Texas may not have a capacity market, but state regulators have made some efforts to improve mandatory winter-proofing of power plants and gas infrastructure following a near-miss cold-weather event in 2011. Much of the fall-out around the February blackouts has centred on why more regulation was not imposed, or why industry has resisted it.
Northern regions prove that it is perfectly possible to make this infrastructure more resilient to extreme weather, but it will come at a cost, and perhaps one that is harder for generators to justify in an ERCOT-style market. After all, scarcity events represent a vital pay day for generators in Texas (provided they remain online), so the market arguably tends towards such close calls.
Inevitably, backers of various energy sources have been quick to use the crisis to highlight the weakness of competitors – wind turbines can freeze, gas is vulnerable to shortages, even coal and nuclear were affected.
However, there is more to take from this than a simple acceptance of the fallibility of all types of energy. Thermal plant can clearly be vulnerable to cold, but adequate regulation and technical measures offer a ready solution. On the other hand, there is no question of relying on wind and solar to ride out such a storm.
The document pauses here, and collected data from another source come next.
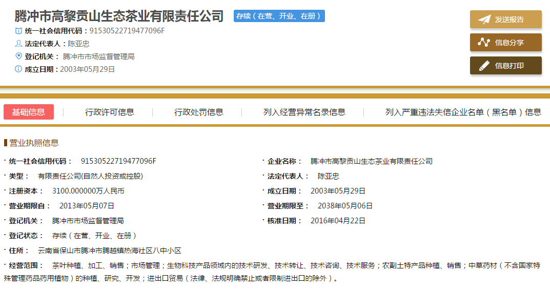 据高黎贡山官网资料显示,腾冲市高黎贡山生态茶业有限责任公司,是一家集茶叶栽培、加工、销售、技术研发为一体的省级重点龙头企业。“高黎贡山”商标荣获“中国驰名商标”,公司排名中国茶叶行业百强。公司现有优质茶加工总厂1个,茶文化交流中心1个,分厂16个,联营茶所26个,职工486人,自营茶园9000亩,辐射带动茶园12万多亩,挂牌保护古茶树3万多棵,带动农户8万多户,直接受益茶农32万多人。公司依托高黎贡山独有的自然资源和茶园种植优势,以普洱茶、绿茶、红茶、乌龙茶加工为主,产品通过国家QS、有机食品、绿色食品认证,畅销省内外及港澳台地区,出口缅甸、马来西亚等国家,多年来深受消费者的青睐。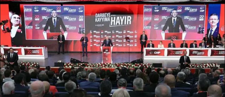 CHP'nin 22. Olağanüstü Kurultayı "Darbeye ve Kayyuma Hayır" sloganıyla Ankara'da yapıldı. Özgür Özel salona CHP'nin eski genel başkanları Hikmet Çetin ve Murat Karayalçın'la geldi. Ayrıca Muharrem İnce ile Mansur Yavaş da Özel'in hemen yanında yer aldı. Kemal Kılıçdaroğlu katılmadı, Gürsel Tekin ise davet edilmedi. Özgür Özel "Güven Oylaması" yapılabilmesi için üyelerden "Güvensizlik" oyu vermelerini istedi. Böylece yönetim düştü ve tekrar seçime gidildi, oyların tamamını Özgür Özel aldı...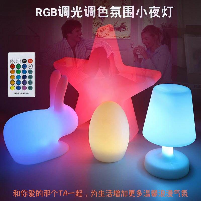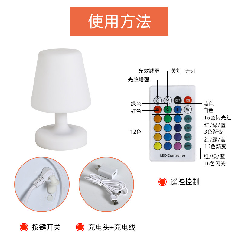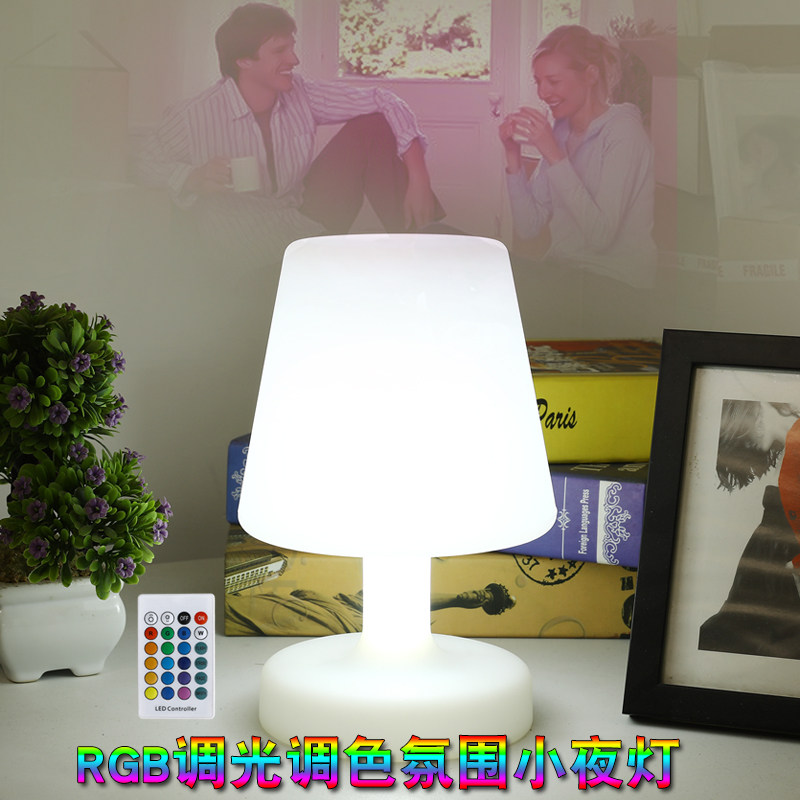 📚 小夜灯台灯滚塑卧室遥控睡眠七彩充电装饰灯情景酒店客房灯工艺品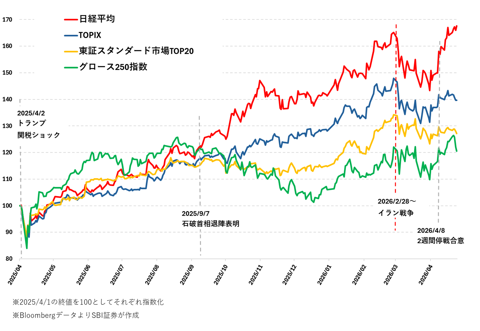 図表6 日経平均株価、TOPIX、東証スタンダード市場TOP20、グロース250指数の値動き比較(2025/4/1~2026/4/24)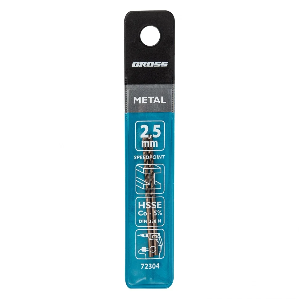 Сверло спиральное по металлу, 2.5 мм, HSS-Co, 2 шт Gross 72304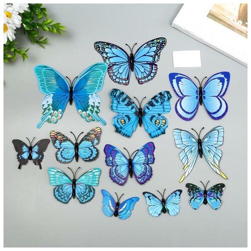 Магнит пластик "Бабочки голубые" набор 12 шт
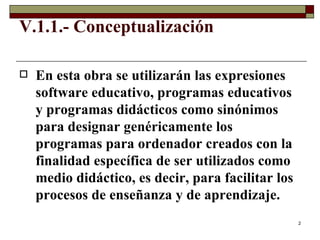 Este documento define el software educativo y describe sus características principales. Define el software educativo como cualquier programa creado específicamente para facilitar los procesos de enseñanza y aprendizaje, incluyendo programas basados en modelos conductistas y programas más avanzados basados en inteligencia artificial. Explica que los programas educativos comparten cinco características: son materiales con una finalidad didáctica, utilizan el ordenador como soporte, son interactivos, individualizan el trabajo del estudiante y son fáciles de usar. Final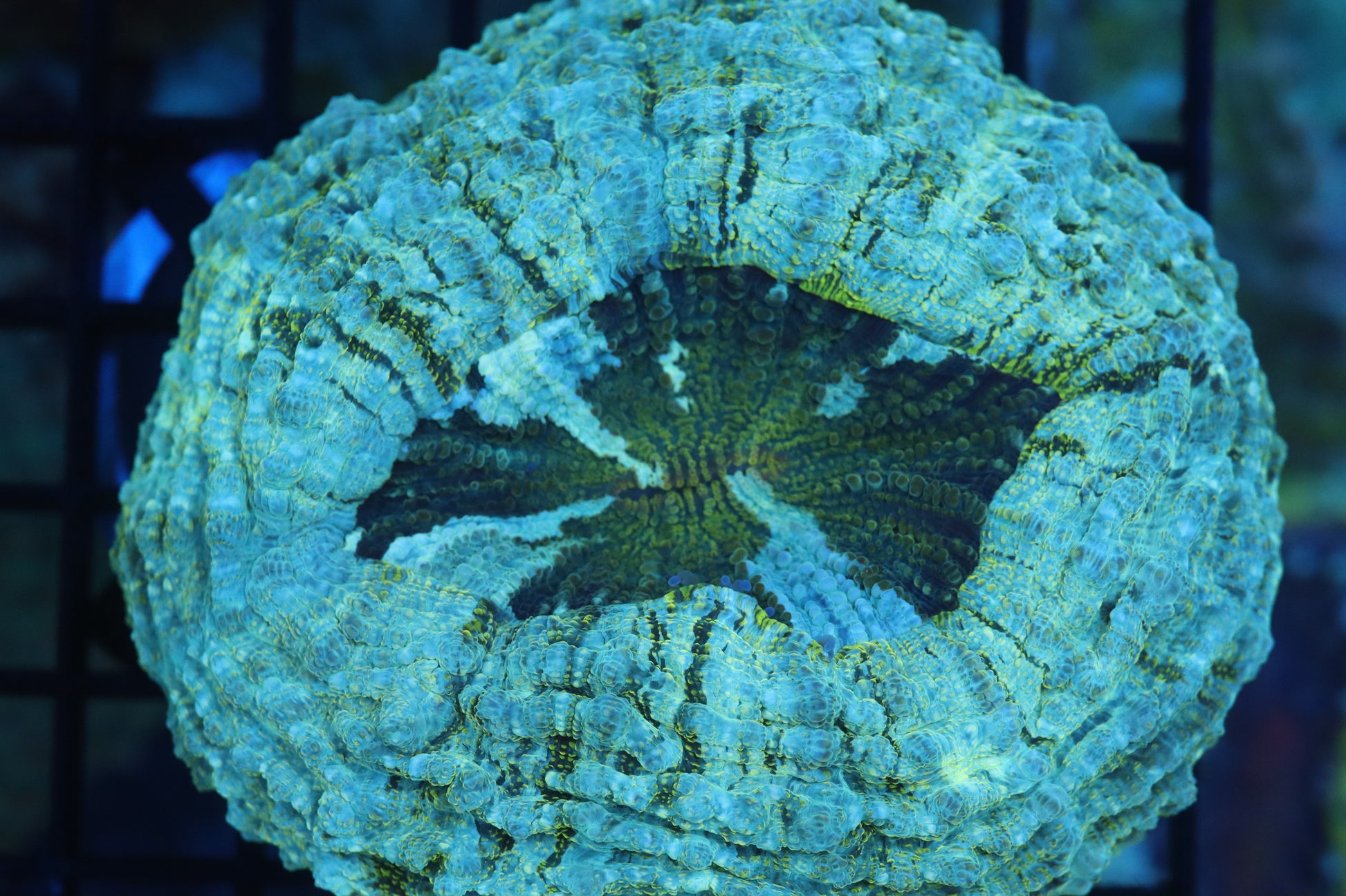 This Acanthophyllia has bright green, gold and hints of blues throughout as seen in the photo. Spectacular for any collector's aquarium. This is a WYSIWYG item. Coral is ~3 1/2" in diameter.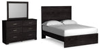 Belachime Full Panel Bed with Mirrored Dresser

The grid still needs to ensure that there is always sufficient ‘firm’ capacity to meet almost all the peak demand if necessary and this is highly challenging – particularly without recourse to a capacity market.
Advocates for both renewables and the ‘energy-only’ market model often point to greater use of smarter energy grids with more opportunity for demand response, in which users can offer to reduce consumption for a fee. While this must surely form part of the future of electricity, it may have more limited use during winter shortages, when reducing consumption has more serious implications than simply turning down the air con. The other rapidly emerging option is the development of large-scale energy storage technologies, but again, the Texas event represents a formidable task for this approach. Delivering several days of unusually high demand would require an enormous quantity of stored energy – potentially in a long-term form such as hydrogen – as well as enough excess generation beforehand to build up supplies.
So, the Texas crisis is perhaps a warning that we are a long way from being able to entirely dispense with conventional power plants. It has also raised some fundamental questions over how much risk we are willing to accept with our electricity supply, how much we are willing to pay to minimise that risk, and whether we trust existing markets to deliver the best compromise. On paper, the ‘one day of blackout in ten years’ level of assurance used by many grid operators sounds manageable, but a serious system failure in the depths of a cold winter may have consequences which society deems unacceptable at any price. As power grids undergo a rapid evolution to more dynamic, less predictable systems with much more weather-dependent generation, these questions will only become harder to address.